Its abilities to load and deliver a broad range of therapeutic and theranostic agents have made PLGA a preferred polymer-based DDS18,19. Due to its natural and non-toxic byproducts of PLGA degradation and its ability to conjugate various ligands, it has been approved as a DDS for a variety of formulations, including Decapeptyl® and several other microparticles based on PLGA, PGA, and PLA20,21. A wide range of therapeutic agents have been successfully delivered by PLGA-based (NPs), but factors that affect their physicochemical properties are complex and intertwined. For instance, Fredenberg et al.22 discussed the complexity of the drug release mechanism and physicochemical properties of PLGA-based NPs. In addition to drug release mechanisms, various parameters can impact PLGA-based NPs' final performance and application. Previously, the determinant parameters and the complexity between them were portrayed as a Rubik's cube, where a small change in one brick (parameter) would affect the whole plane (other parameters and subsequent outcomes). NP size, drug loading and release are all influenced by the molecular weight (Mw) of the polymer, LA/GA ratio, solvent, and the synthesis method23.

Since many parameters are ignored in traditional mathematical methods to avoid complexity, it appears impossible to establish a clear relationship between these effective parameters and their outcomes. For example, diffusion-driven models of drug-carrier interactions and diffusion-driven theoretical simulations of drug loading and release are limited by many assumptions. In this type of simulation, polymer segments are ignored due to the model complexity and treated as one polymer mass. These mathematical models also require approximate initial and boundary conditions. It is possible, however, to add each polymer's contribution to ML-based methods, and get a deeper understanding of their interactions. This type of method can provide more accurate and detailed information about material behavior, which can be used to predict the behavior of more complex systems based on the properties of the material. In this regard, using AI-assisted methods it is possible to design formulations with better control of properties and optimal outcomes24,25,26. For instance, multilayer perceptron artificial neural networks (ANNs) were used by Damiati et al.27 to determine the sizes of (single or multiple) PLGA microparticles produced in microfluidic systems. PLGA solution concentration, microfluidic device geometry, and organic and aqueous flow rates have been used as input layers (effective factors) to train the ANN method. In their study, they reported highly accurate size predictions through microfluidics in the generation of PLGA-based microparticles. The same multilayer perceptron ANNs were used in a subsequent study to optimize indomethacin-loaded PLGA microparticle properties28. A successful application of the AI method was reported in the design of microparticles with satisfactory D.L.% and E.E.% (7.79 and 62.35%, respectively).

In this study, through the application of ML methods, we seek to advance our understanding of the critical factors involved in the synthesis and characteristics of PLGA-based NPs.

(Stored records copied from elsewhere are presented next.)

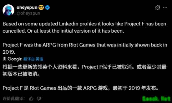 根据博主@oheyspun的消息称,根据一些更新的领英个人资料来看,“Project F”似乎已遭到取消,或者至少其最初版本已被取消了。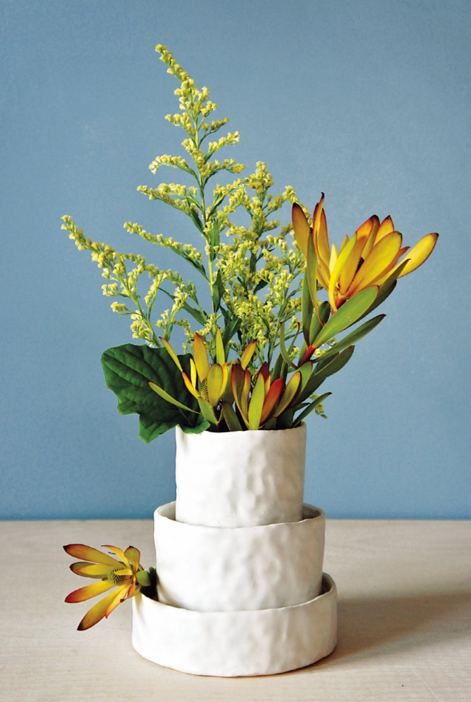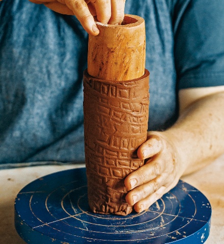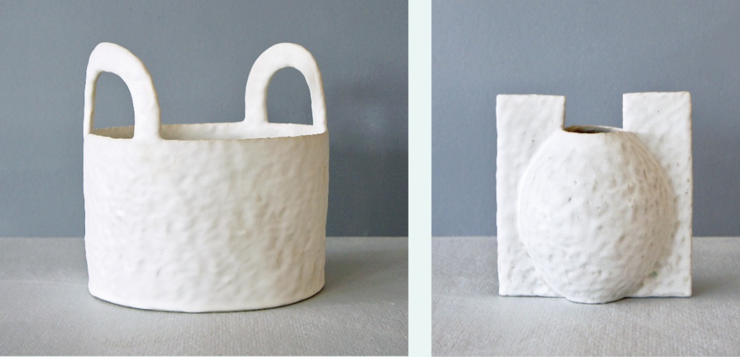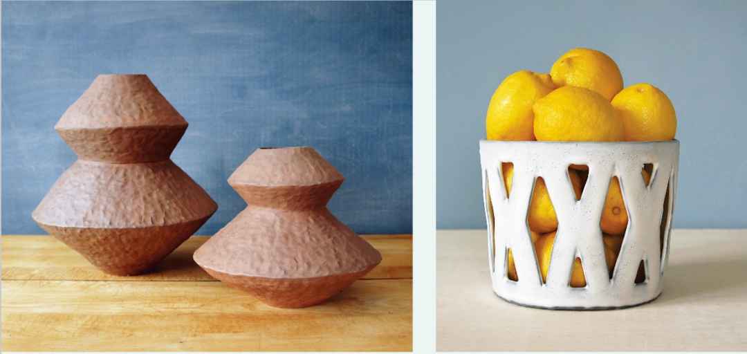 “拉坯的方式抹去了太多我试图保留的触摸痕迹,于是我开始尝试纯手工的制作。其中泥板成型为我提供了很多创作的可能。当我第一次用泥板制作陶罐时,我做得很松散,没有模板,结果罐子做得很古怪。当我开始制作更多的时候,我意识到如果我有模板的话,复制器型和重复制作就会更容易。泥板成型需要注意的一个简单但重要的信息是,在泥板软硬的最佳状态的时候去连接或塑形,才能达到你想要的结果。当然,这点,只能大量地实践然后自己把握。”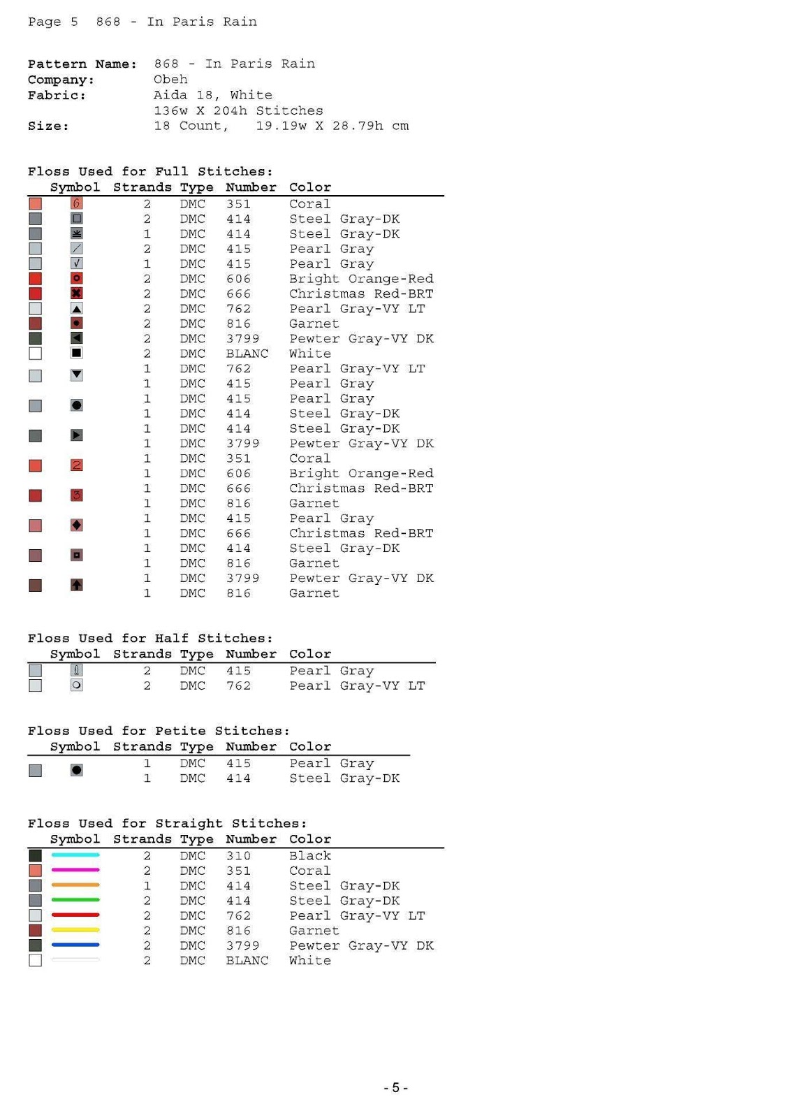 перевод ниток,карта цветов

Size, E.E.%, and D.L.% of the final NPs are influenced not only by polymer properties (such as LA/GA ratios, Mw, polyethylene glycol (PEG) layer) but also by numerous process related properties like synthesis methods (including nanoprecipitation, single or double emulsion, microfluidically), drug type, and of course solvents and presence of surfactants in the synthesis section. We collected all the essential information from the literature on PLGA-based NPs through data mining techniques. We evaluated the performance of various regression models on the data and also determined the order of importance of different features for every target. Additionally, we assessed the interactions between size, E.E.%, and D.L.% using ML techniques. At the end, we modeled data utilizing the effective features and the selected regression algorithm.

Results and discussion

With the ML method, we aimed to recognize a relationship between multiple characteristics so that future investigations could be guided accordingly. In this regard, a database of PLGA-based NPs has been constructed that covers a broad range of information about the polymer chemistry and NPs’ preparation method. Figure 1 outlines the main workflow of the current study.

Figure 1
figure 1

An overview of the current study’s workflow. The reported data from experimental researches has been collected through a data mining stage. After a data cleaning step, ML-based algorithms have been employed to predict the effective parameters in the final characteristics of PLGA-based NPs.

The dataset is constructed with data from over a hundred research articles using keyword “PLGA NPs” which the detailed information was gathered all the reported factors. Eight features were identified as influential features in the final properties and performances of NPs. In this study, we selected the NPs' size, E.E.%, and D.L.% as significant parameters that can have a significant impact on formulation performance and therapeutic effect. Here are the definitions and measurements of E.E.% and D.L.% used in experimental studies:

$$E \cdot E\cdot \mathrm{\%}=\frac{\mathrm{Weight \; of \; entrapped \; drug \; in \; NPs}}{\mathrm{Weight \; of \; total \; added \; drugs}}\times 100$$
(1)
$$D\cdot L\cdot \mathrm{\%}=\frac{\mathrm{Weight \; of \; drug \; content \; in \; NPs}}{\mathrm{Weight \; of \; NPs}}\times 100$$
(2)

A number of features are polymer-related, for example, PLGA Mw, the presence of PEG in the formulation, and PEG Mw have the ability to influence the final properties of NPs. It worth mentioning that polymers' molecular weight has been used as an average of reported molecular weights. In addition, factors related to the preparation stage of NPs include the NPs preparation method (hereafter called the method), the solvents, and the presence of PVA (hereinafter called PVA). Data mining revealed that nanoprecipitation, single/double emulsion, and microfluidics methods are reported for the synthesis of NPs. Solvents used to dissolve PLGA polymers along with drugs to be loaded are another important aspect of NPs preparation that can affect final characteristics and performance. The literature review reports the use of numerous solvents in this process.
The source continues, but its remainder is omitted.